There seems to be a good deal of confusion at University of Maryland
(UMD) regarding Open Access (OA):
http://www.diamondbackonline.com/news/university-will-devise-open-access-policies-1.2168182

(1) Royalties are irrelevant because OA's target content is refereed
journal articles, for which authors receive no royalties.

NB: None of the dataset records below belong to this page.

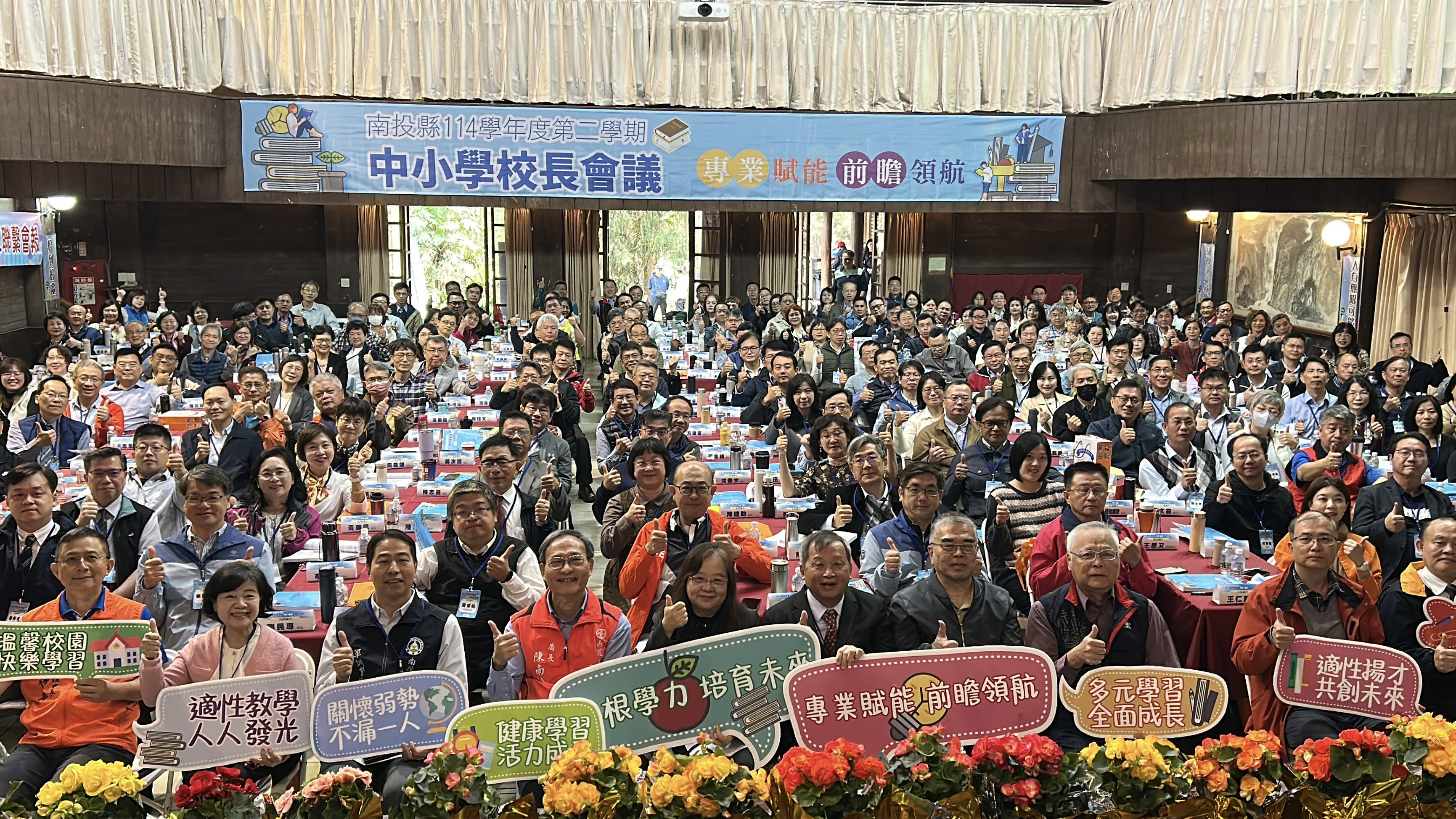 本次校長會議以「專業賦能、前瞻啟航」為主題,邀集縣內高中職、國中小學校長齊聚一堂,校長是學校首席教師,更是帶動南投教育創新的火車頭,期許透過專業領導的深耕與數位科技的導入,厚植教學力。王副縣長肯定校長們在教育現場的專業付出,並提出南投教育的整體願景與未來方向,期盼透過專業強化、科技創新與均衡發展,為南投孩子打造更具競爭力的優質學習環境。南投的教育需要一份「溫暖的堅持」,優質的教育更是校園最重要的基礎工程,面對全球變動與科技浪潮,以更前瞻的視野推動教育革新。王副縣長並提出六項教育重點勉勵校長,他指出:校長能多與社會良性互動、熟悉與瞭解教育法制、面對教育困境仍要熱情積極承擔挑戰、重視學生的品德教育、教導正確的國家觀念,並請校長在公務繁忙下也要重視個人健康。縣府將支持校長持續以務實態度推動教育政策,提升教育品質。
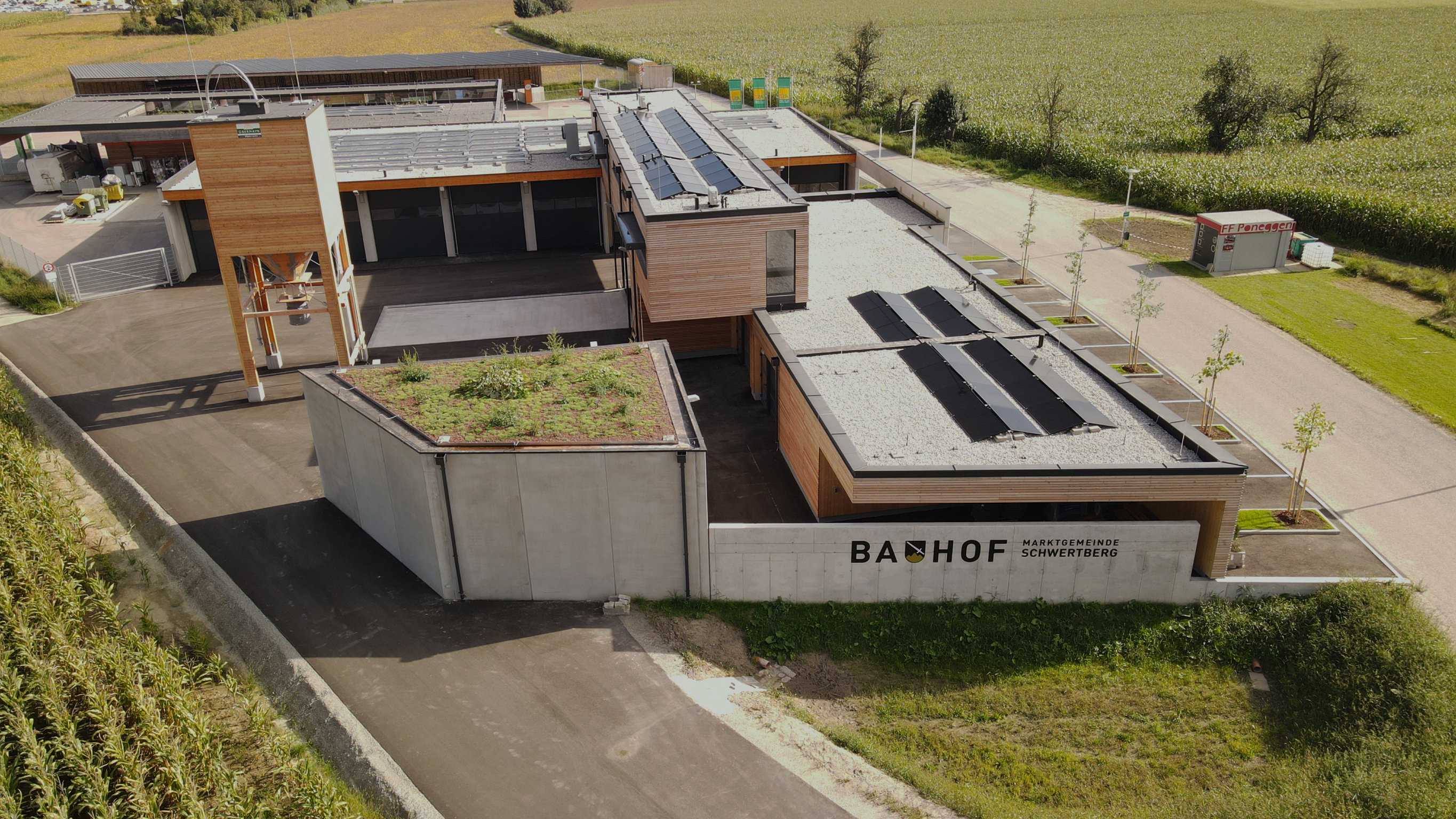 Es wurde ein Bauhof mit Fahrzeughalle und Werkstätten, sowie einem Bürotrakt und Aufenthaltsmöglichkeiten für Mitarbeiter:innen errichtet.
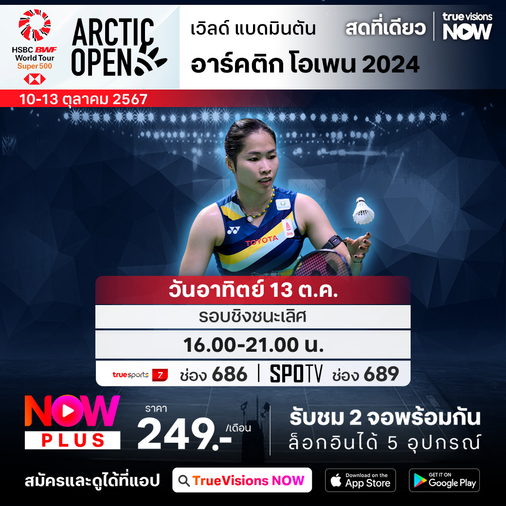 แฟนแบดมินตันพลาดไม่ได้ กับการแข่งขัน เวิลด์ แบดมินตัน รายการเก็บคะแนนสะสมโลกระดับ เวิลด์ ทัวร์ ซูเปอร์ 500 ในรายการ อาร์คติก โอเพ่น ที่ ประเทศฟินแลนด์ ร่วมเชียร์ทีมแบดมินตันไทย และตื่นตาตื่นใจกับลีลาและเทคนิคของมือระดับโลก ที่มีเป้าหมายคว้าชัยชนะและแย่งกันเป็นแชมป์ ชมสด เอ็กซ์คลูซีฟ ที่เดียวที่ ทรูวิชั่นส์

(2) Yes, one size *does* fit all disciplines: The university-wide
policy should be that all authors deposit their refereed final drafts
of journal articles in the UMD institutional repository immediately
upon acceptance for publication.

(3) If the author wishes to observe a publisher embargo on making the
deposit Open Access (OA), access to the deposit can be set as "Closed
Access" during the embargo interval.

(4) During the embargo, authors can still provide copies of the
deposit to users who request them with one keystroke each.

(5) The sole policy needed is the immediate-deposit policy: Open
Access journals are something else.

(6) Authors must of course continue to be allowed to publish in
whatever journal they wish, whether OA or non-OA.

(7) If UMD wishes to subsidize publication fees for its authors
publishing in OA journals, it can do so, but unless UMD first adopts
an immediate-deposit policy, this provides very little OA to UMD
output, at a very high price.

(8) Providing OA to UMD's refereed research output has nothing to do
with UMD becoming a publisher of OA journals.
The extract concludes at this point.